What is the contract with sprites? Is it just built-with-linux but not promising Linux? Or is it more like a machine but y'all control the container image?
I don't want to get too far into the rest of the details only because I'm writing this up for next week. They're not that interesting technically, but they're a really big deal for us in other ways.
This alone was worth the upvote!
>...I’m not entirely sure what that looks like yet, but things like this are a step in that direction.
This made me stop and think for a moment as to what this would look like as well. I'm having trouble finding it, but I think there was a post by Joe Armstrong (of Erlang) that talked about globally (as in across system boundaries, not global as in global variable) addressable functions?
It requires your api token by default.
I'd love to adopt this for all my development (which I currently do using rented cloud instances, so I'm pretty comfortable with the remote development paradigm). I'm especially excited about the snapshot/clone pattern, and have (this past week) been researching solutions for exactly this problem.
Hope you launch multiple regions for this ASAP. Will be watching.
Would I think of this as an EC2 instance which automatically and quickly scales to zero, with pricing only for resources consumed? (CPU and RAM when up, and disk all the time?)
It's a fast starting and fast pausing persistent VM, with a ton of built in developer tools (including a preconfigured Claude Code) and an extra JSON API for executing commands within it so you can treat it as a sandbox.
You may find my writeup here useful: https://simonwillison.net/2026/Jan/9/sprites-dev/
This is needed for sandboxes if you don't want to throw them away and start over when something goes wrong.
With sprites.dev you can create an additional checkpoint and then turn Claude Code (or your preferred agent) loose to do anything. Even if it burns down the sandbox you can just restore a checkpoint in about a second.
I really hate that modern development means not having persistent disk.

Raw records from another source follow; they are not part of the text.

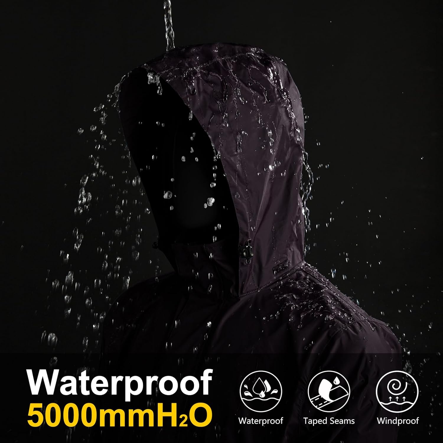 • 【Material】Rain jacket for men waterproof is made of ripstop, high density polyester waterproof shell fabric; Interior is laminated TPU membrane. Seams are 100% fully sealed and welded with TPU membrane, keep you all-day dry in overcast and rainy.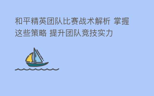 和平精英团队比赛战术解析 掌握这些策略 提升团队竞技实力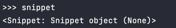snippet = Snippet(code='foo = "bar"\n')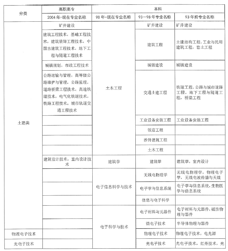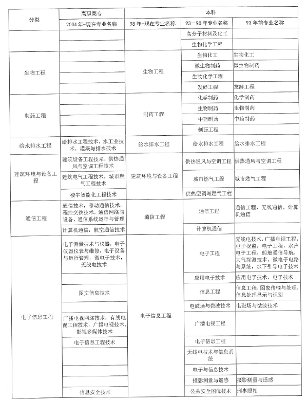 “工程類(lèi)或工程經(jīng)濟(jì)類(lèi)專(zhuān)業(yè)”對(duì)照表

I’m glad there are new options coming out which let you do this in and easier way than managing my own EC2 instances!
So let's say sprite is my building/dev ground floor. I get my thing/app to where I want it, but at the end of the day I think my thing/app is so awesome that it should be a production app for the whole world, and, I want to actually deploy it on fly, say.
Have you guys thought about that workflow, and what it might take to push button/migrate a sprite app over to fly?
Also, any plans for GPU sprites?
I don't think we're going to do anything new with GPUs any time soon.